China yesterday launched its most ambitious Mars mission yet in an attempt to join the US in successfully landing a spacecraft on the planet.
A Long March-5 carrier rocket took off under clear skies at about 12:40pm from Hainan as hundreds of people watched from a beach across the bay from the launch site.
Launch commander Major General Zhang Xueyu (張學宇) announced to cheers in the control room that the rocket was flying normally about 45 minutes later.
Photo: Reuters
“The Mars rover has accurately entered the scheduled orbit,” Zhang said in brief remarks shown live on state broadcaster China Central Television.
It marked the second flight to Mars this week, after a United Arab Emirates orbiter blasted off on a rocket from Japan on Monday.
The US is aiming to launch Perseverance, its most sophisticated Mars rover ever, from Cape Canaveral, Florida, next week.
China’s tandem spacecraft, which has an orbiter and a rover, is expected to take seven months to reach Mars, like the others.
If all goes well, the Tianwen-1 mission, or “quest for heavenly truth,” is to look for underground water, if it is present, as well as evidence of possible ancient life.
This is not China’s first attempt at Mars. In 2011, a Chinese orbiter accompanying a Russian mission was lost when the spacecraft failed to get out of Earth’s orbit after launching from Kazakhstan, eventually burning up in the atmosphere.
This time, China is going at it alone. It also is fast-tracking, launching an orbiter and rover on the same mission instead of stringing them out.
China’s secretive space program has developed rapidly in recent decades.
Yang Liwei (楊利偉) became the first Chinese astronaut in 2003, and last year, Chang’e-4 became the first spacecraft from any country to land on the far side of the moon.
Conquering Mars would put China in an elite club.
“There is a whole lot of prestige riding on this,” said Dean Cheng, an expert on Chinese aerospace programs at the Heritage Foundation in Washington.
Landing on Mars is notoriously difficult. Only the US has successfully landed a spacecraft on Martian soil, doing it eight times since 1976.
NASA’s InSight and Curiosity rovers still operate today.
Six other spacecraft are exploring Mars from orbit: three American, two European and one from India.
Unlike the two other Mars missions launching this month, China has tightly controlled information about the program — even withholding any name for its rover.
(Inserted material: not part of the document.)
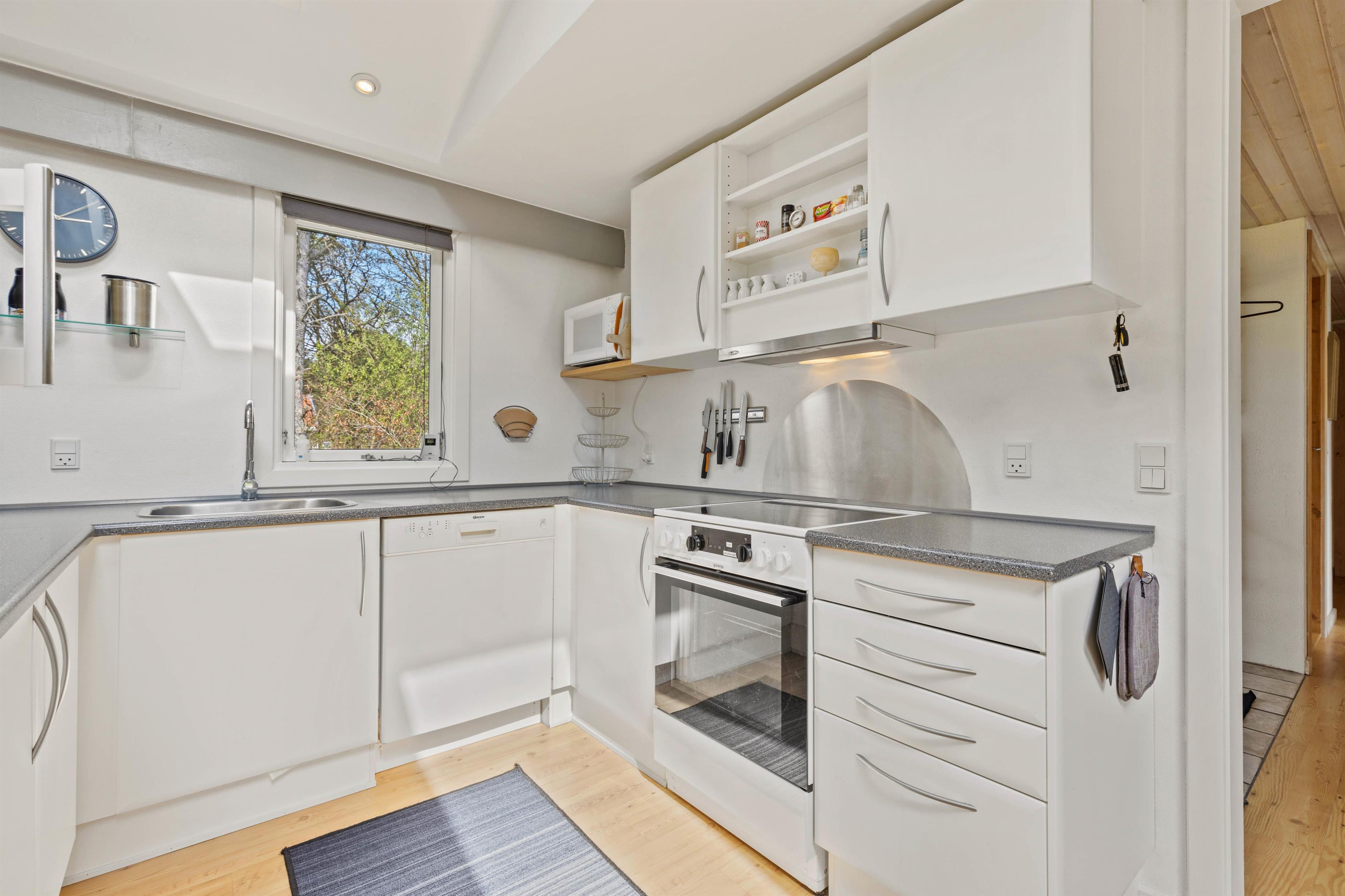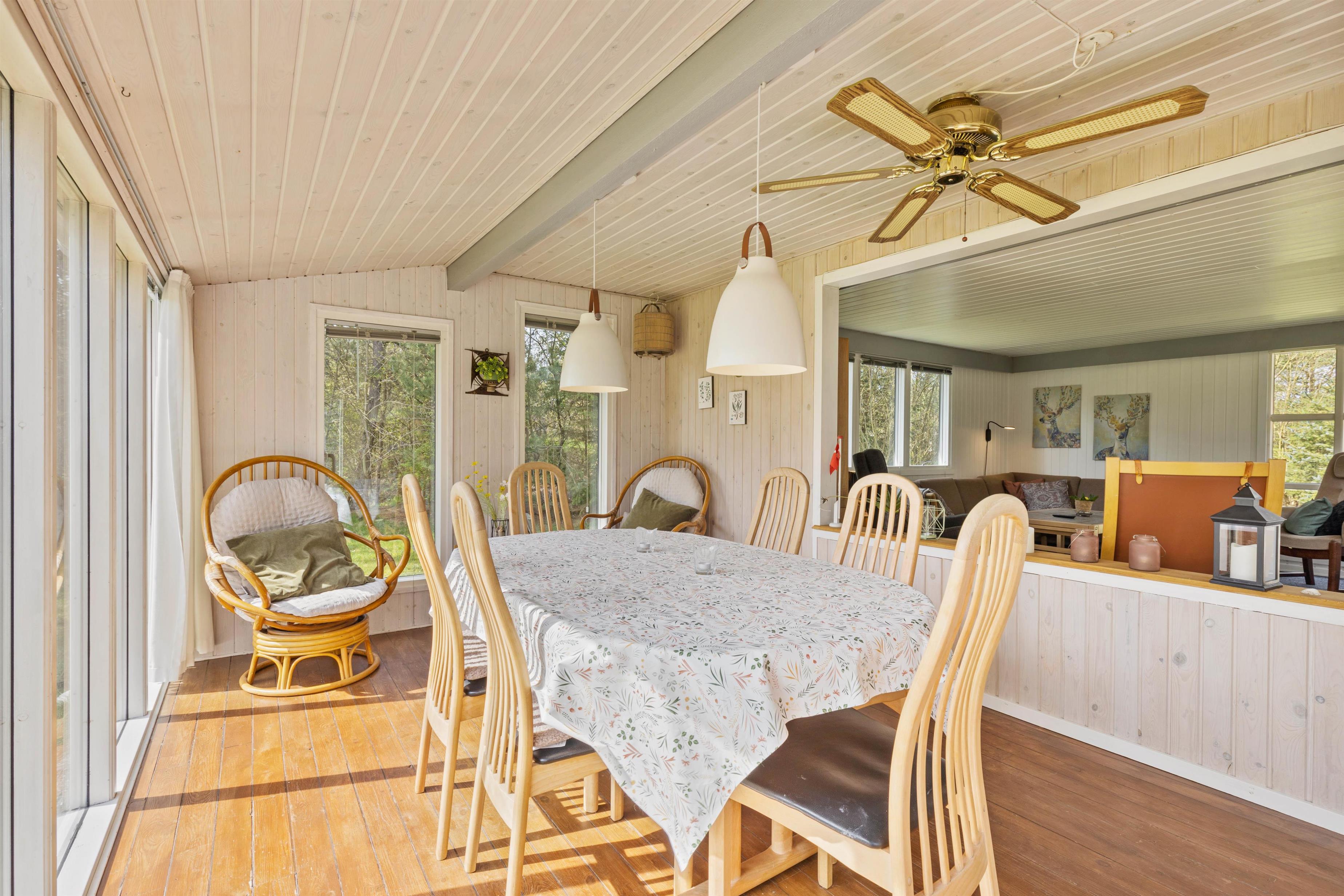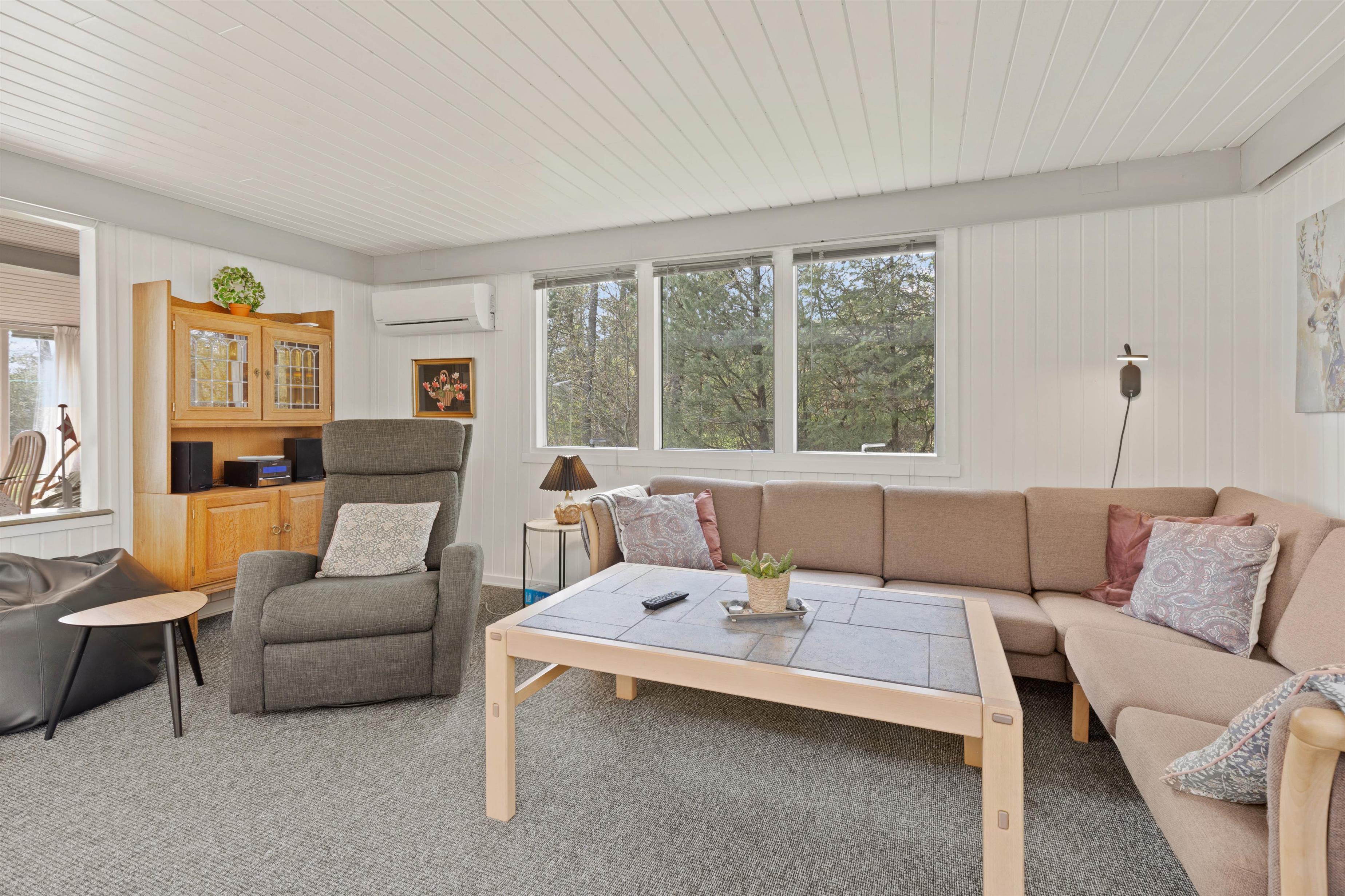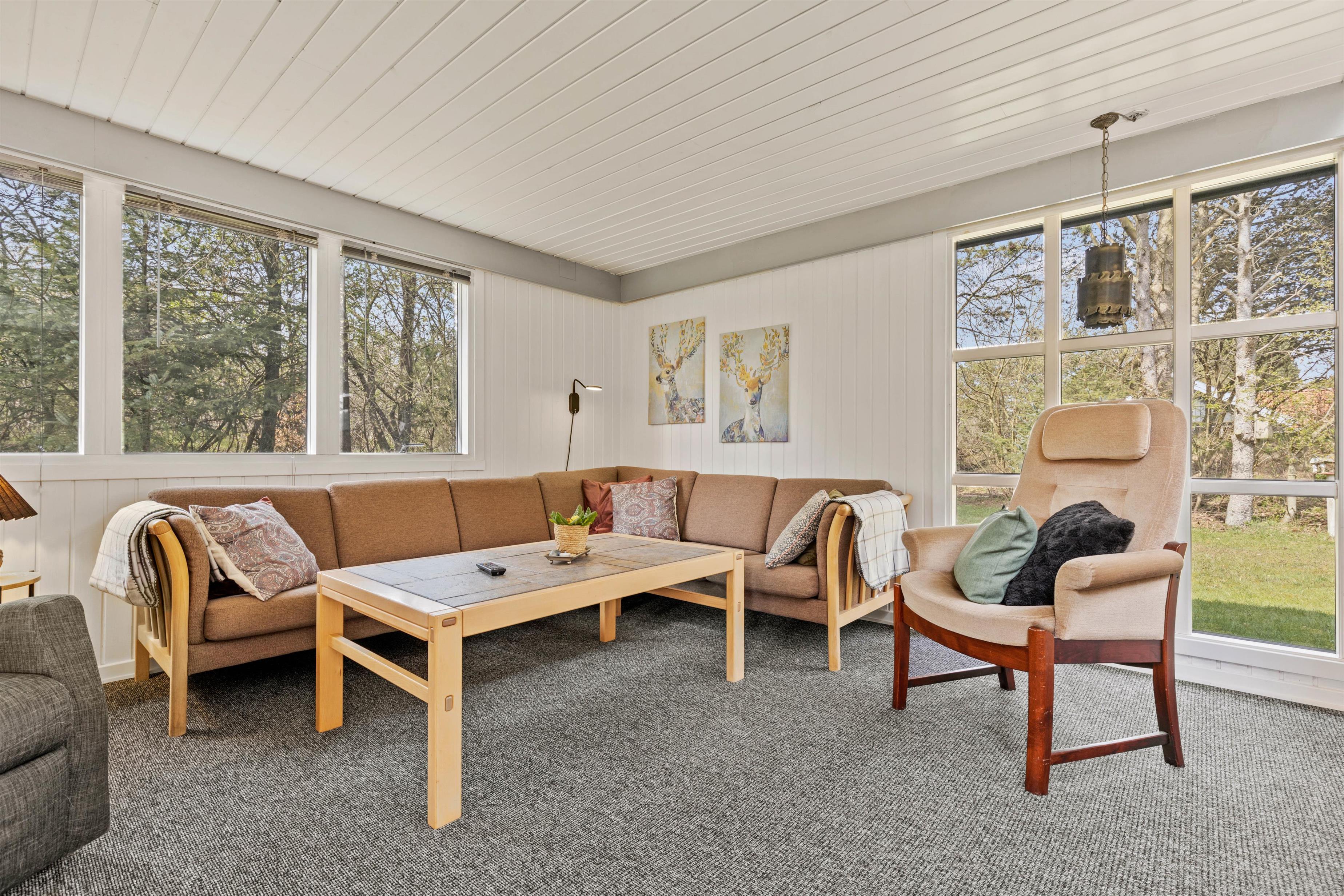 Den hjemmelavede middag kan I nyde i den lyse udestue - her sørger gulvvarmen og de store vinduespartier for en helt speciel atmosfære. Om aftenen kan I varme jer foran den hyggelige brændeovn, se en film på sofaen, eller tænde for grillen på en lun sommerdag.
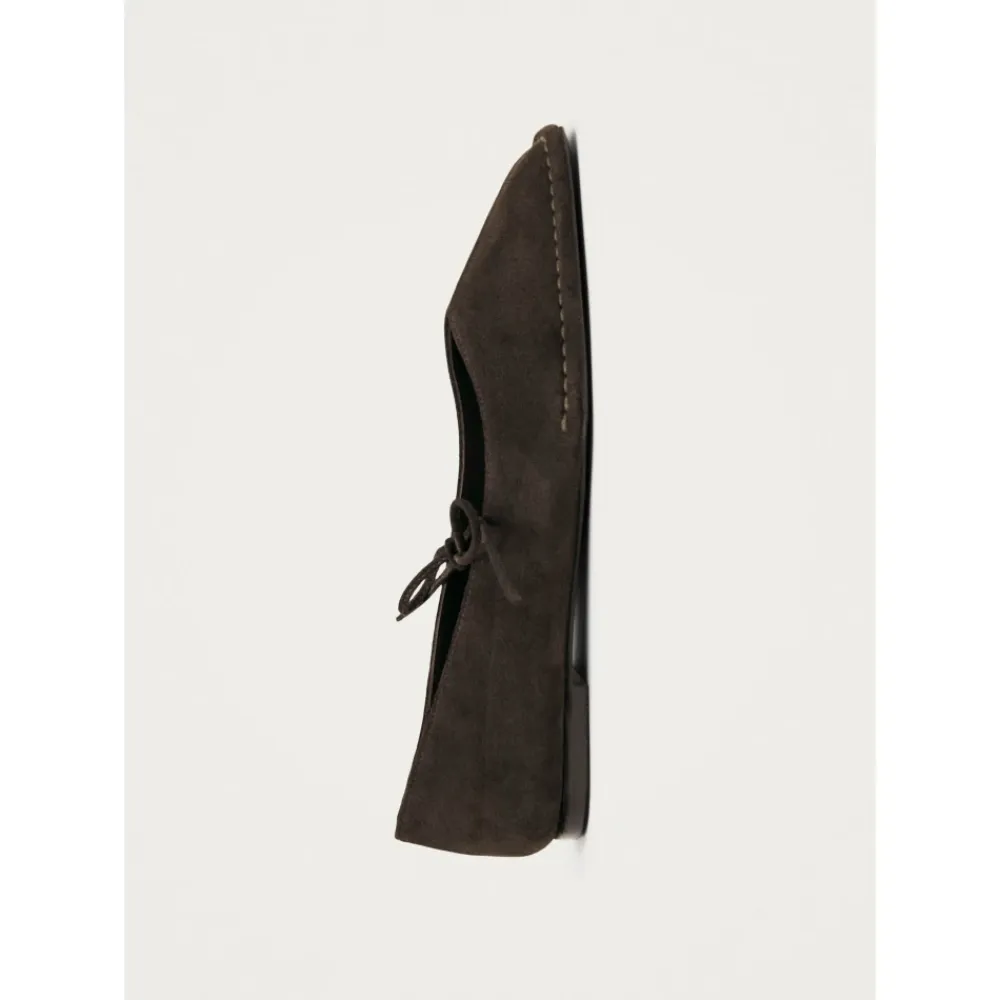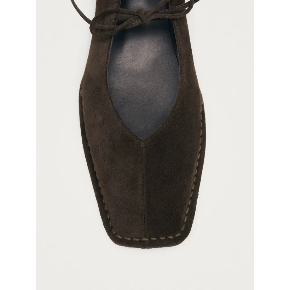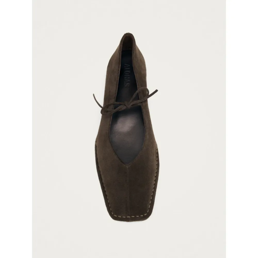 ALOHAS Sway Ballerina Sko opdaterer en klassisk ballerinaform med en firkantet tå og V-formet vrist i kaffebrun ruskind, hvilket giver en raffineret og alsidig mulighed til hverdagsbrug. Vigtigste egenskaber: Brun | Ruskind | Bindelukning | Slip-on | Firkantet tå | V-formet vrist | Sløjfe ved vristen | Lav hæl | Dimensioner og pasform: Hælhøjde: 1 cm | Passer normalt i størrelsen. Hvis du er mellem størrelser, skal du vælge den mindre størrelse. | Sammensætning og pleje: Overdel: 100% Ko Ruskind | Foring, Indersål: 100% Gede Læder | Ydersål: 100% Cuerolite

National security concerns led the US to curb cooperation between NASA and China’s space program.
In an article published this month in Nature Astronomy, mission chief engineer Wan Weixing (萬衛星) said that Tianwen-1 would slip into orbit around Mars in February next year and look for a landing site on Utopia Planitia — a plain where NASA has detected possible evidence of underground ice.
Wan died in May from cancer.
The landing would then be attempted in April or May, according to the article.
If all goes well, the 240kg golf cart-sized, solar-powered rover is expected to operate for about three months, and the orbiter for two years.